# Quantization (physics)

Quantization is to be modified in the theoretical description of a physical system of the step in which results, concepts or methods of classical physics so that quantum physical observations are reproduced correctly on the system. Among other things, by the quantization of many measurable parameters are explained, such as the presence of certain discrete energy values at the excitation levels of an atom.

From 1900 to the beginning of quantum physics, quantization meant essentially that using certain rules according to classical physics, the possible processes and those states were excluded from the that contradicted the observations. This identifies the older quantum theories, among them such as the famous Bohr model of the atom. Werner Heisenberg and Erwin Schrödinger found 1925/26, independently of one another in two ways, as has been held the results of classical mechanics to modify their basic concepts and equations to predict the resulting quantum physical observations correctly. It began the development of modern quantum mechanics. The common basis of these two paths is called the canonical quantization. The canonical quantization can be carried out also for physical fields and was from 1927 to the framework of quantum field theory.

## Development

### Older Quantum Theory (1900 - 1925)

The first rule for quantization was given in 1900 by Max Planck in order to calculate the means of classical statistical physics, the spectrum of thermal radiation can. This time, referred to as quantum hypothesis rule is: The energy exchange between matter and electromagnetic radiation of frequency occurs only in quanta of size, that is, it is quantized. It is the constant of Planck's constant.

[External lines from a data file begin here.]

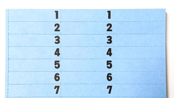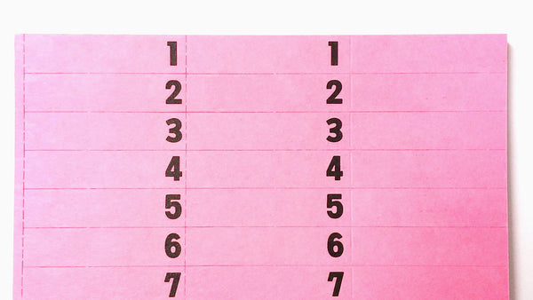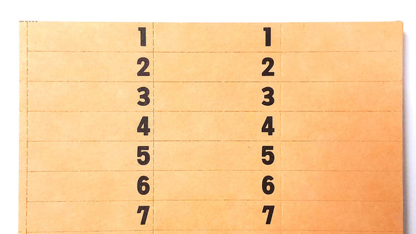 控付で1000番繰り返しの番号が入ったタックです。控は洗う前に切り取りやすいよう、切りやすいミシン目になっています。
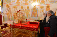 Осмотрев домовый храм Минского Епархиального управления в честь Собора Белорусских святых, делегаты поклонились хранящимся здесь святыням.
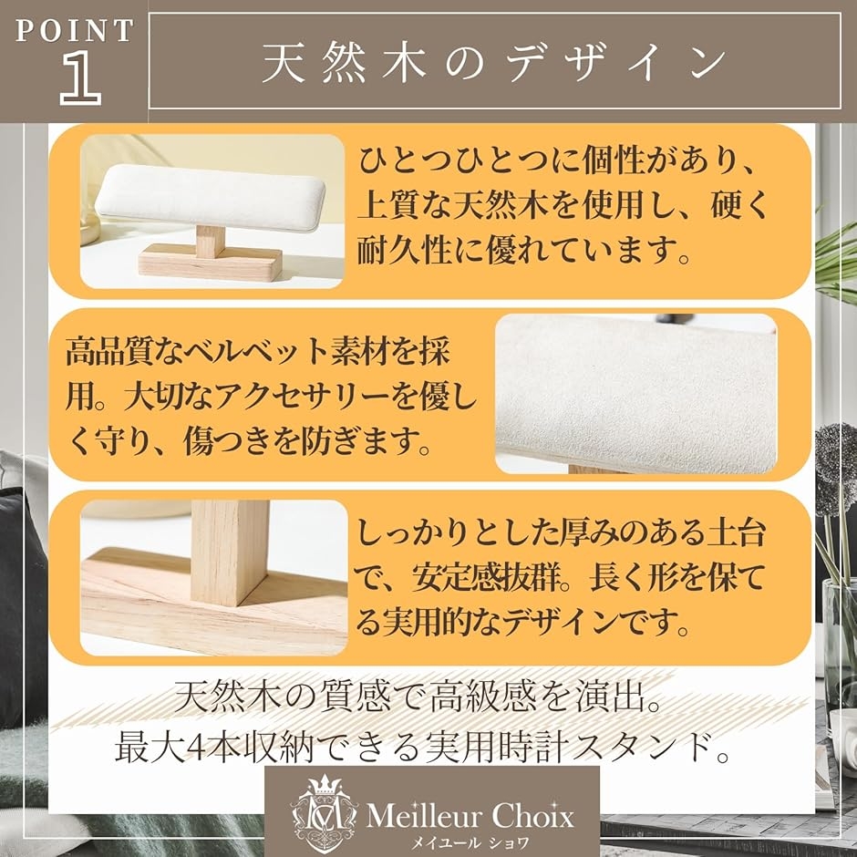 「天然木のデザイン」 天然木を使用した時計スタンドは、美しい木目と上質な質感で、大切な腕時計を引き立てます。

The idea that there is a harmonic oscillator, which supplies the electromagnetic field energy or decreases, passes to the statement that he can not be excited with any selectable energy but has only states with discrete equidistant energy levels in the distance. This selection from the continuum of classically allowed states can be derived from the more general assumption of each condition stressful in the phase space volume of size (per spatial dimension ). Equivalent is the claim which the phase-integral of a state for each coordinate can only integer multiples of accept ( Bohr - Sommerfeld quantum condition ):

This is a ( generalized) spatial coordinate and the corresponding ( canonical ) momentum, in the sense of classical mechanics in their formulation to Hamilton or Lagrange.

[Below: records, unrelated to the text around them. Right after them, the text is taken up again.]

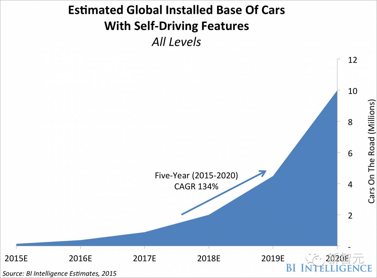 根据科技调研公司BI Intellgence的预测,从2015年到2020年,配置全自动驾驶的汽车数量可能会攀升到1千万辆。
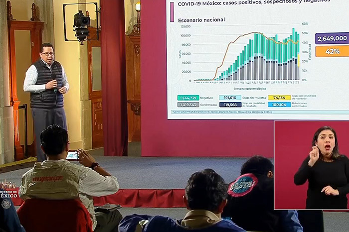 EFE / La Voz de Michoacán Ciudad de México. México reportó este jueves 576 nuevos decesos por la pandemia de COVID-19, con lo que el número de víctimas fatales llegó a 100 mil 104 en el país, informaron autoridades de la Secretaría de Salud. Además, en las últimas 24 horas se registraron 4 mil 472 nuevos contagios, para un total de 1 millón 019 mil 543 casos confirmados. Con estas cifras, México es el décimo primer país con más contagios y el cuarto con más fallecidos absolutos, de acuerdo con la Universidad Johns Hopkins. “Hoy en México tenemos 100 mil muertes por COVID-19, esta es una cantidad inusual, no tenía ningún antecedente previo la sociedad mexicana de una enfermedad infecciosa, aguda, que pudiera causar una propagación tan rápida y afectar la vida de tantas personas”, dijo el subsecretario de Prevención y Promoción de la Salud, Hugo López-Gatell, estratega contra la pandemia en su conferencia de prensa diaria. Recordó que las causas de muerte han estado dominadas por enfermedades no transmisibles, además de los homicidios, los suicidios, los accidentes de tránsito y los del hogar. En los ocho meses y medio de la pandemia en México, que inició el 28 de febrero, la COVID-19 se ha consolidado como la cuarta causa de muerte en el país, detrás de las enfermedades del corazón, la diabetes y los tumores malignos, según datos del Instituto Nacional de Estadística y Geografía (Inegi). Los datos oficiales de la pandemia en México han generado polémica desde su inicio puesto que las autoridades sanitarias han descartado hacer pruebas masivas a la población y se han centrado en preparar a los hospitales para los casos graves. En el informe técnico diario de la pandemia se confirmaron aumentos del 0,57 % en decesos y 0,43 % en contagios, en contraste con las cifras del día anterior, cuando hubo 99 mil 528 decesos y 1 millón 015 mil 071 contagios acumulados. Desde el inicio de la pandemia en México han sido estudiados 2 millones 649 mil pacientes que tuvieron un índice de positividad del 42 %, informó el director de Epidemiología de la Secretaría de Salud, José Luis Alomía, en conferencia de prensa en Palacio Nacional. Entre el conjunto de pacientes estudiados se tienen 1 millón 019 mil 543 que tuvieron un positivo a la infección viral, 1 millón 244 mil 739 con un resultado negativo y 384 mil 718 que se mantienen como casos sospechosos. Los casos sospechosos son clasificados por las autoridades sanitarias entre los que no tienen una muestra (191 mil 016), quienes no tienen posibilidad de tener un resultado (119 mil 568) y los que esperan conocer el diagnóstico de su prueba (74 mil 134). El funcionario destacó que 766 mil 361 pacientes son clasificados como personas recuperadas. Las proyecciones de las autoridades mexicanas indican que en el país existen al momento 1 millón 180 mil 92 casos estimados y señalaron que el 3 % de los casos estimados, que corresponden a 37 mil 473, son los que representan la epidemia activa en el país, al ser pacientes que desarrollaron sus síntomas en los últimos 14 días. Alomía señaló que las autoridades sanitarias tienen actualmente 15 mil 483 muertes sospechosas que se clasifican en las que no poseen muestra (10 mil 647), las que no tendrán un diagnóstico (4 mil 283) y las que sí lo pueden tener (553). Hasta el momento 10 entidades del país acumulan el 62 % de las defunciones por coronavirus y la Ciudad de México, por sí sola, registra el 16 % de todas a nivel nacional.
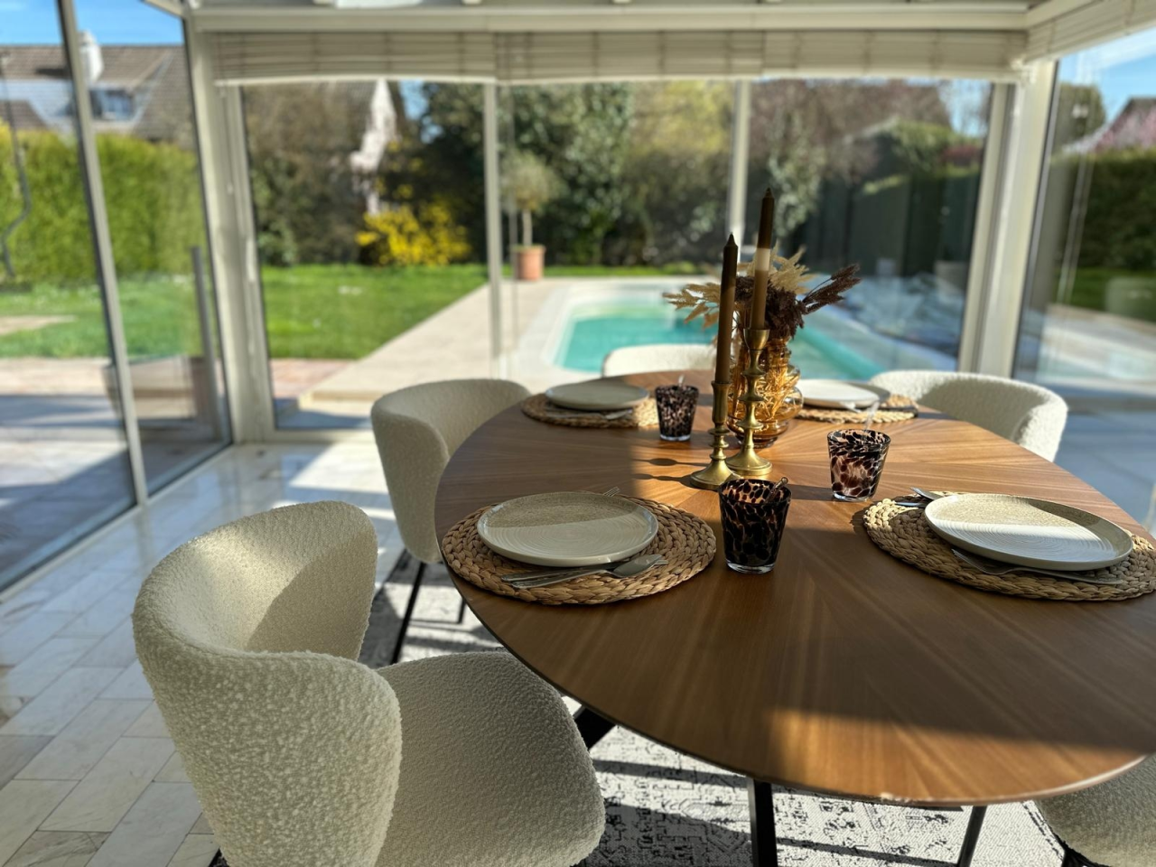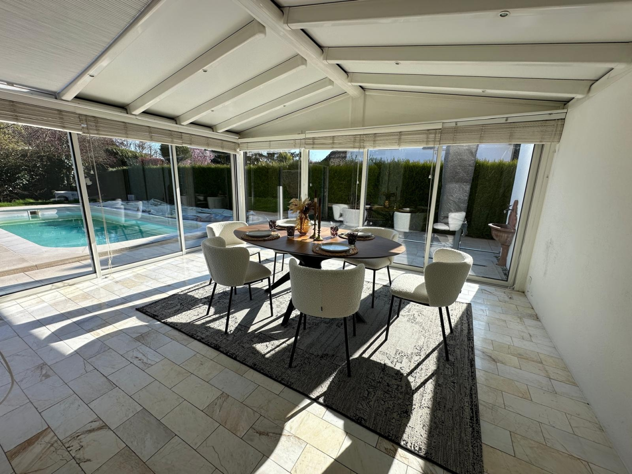 La propriété bénéficie d’un extérieur soigneusement pensé : un jardin accueillant avec piscine, parfait pour la détente et la convivialité.

### Quantum mechanics (from 1925)

Quantum mechanics modifies the Hamiltonian mechanics to the effect that the position and momentum coordinates no longer numerical values ("c - number" for " classical number) " correspond, but operators ( "q - number" for "quantum number" ). The Hamiltonian becomes the Hamiltonian. Such variables are called observables, their possible values are given by the eigenvalues of the corresponding operator, the distributed continuously or discretely, depending on the operator ( quantized ) can be. The deviations from the results of classical mechanics arise from the fact that these operators do not commute with each other in products. In particular, the Bohr - Sommerfeld quantum condition is obtained as an approximation. The requirement to replace the classical Hamiltonian of the variables that are referred to in the Hamiltonian mechanics as a pair of canonically conjugate coordinates by suitable operators is also called the first canonical quantization or quantization.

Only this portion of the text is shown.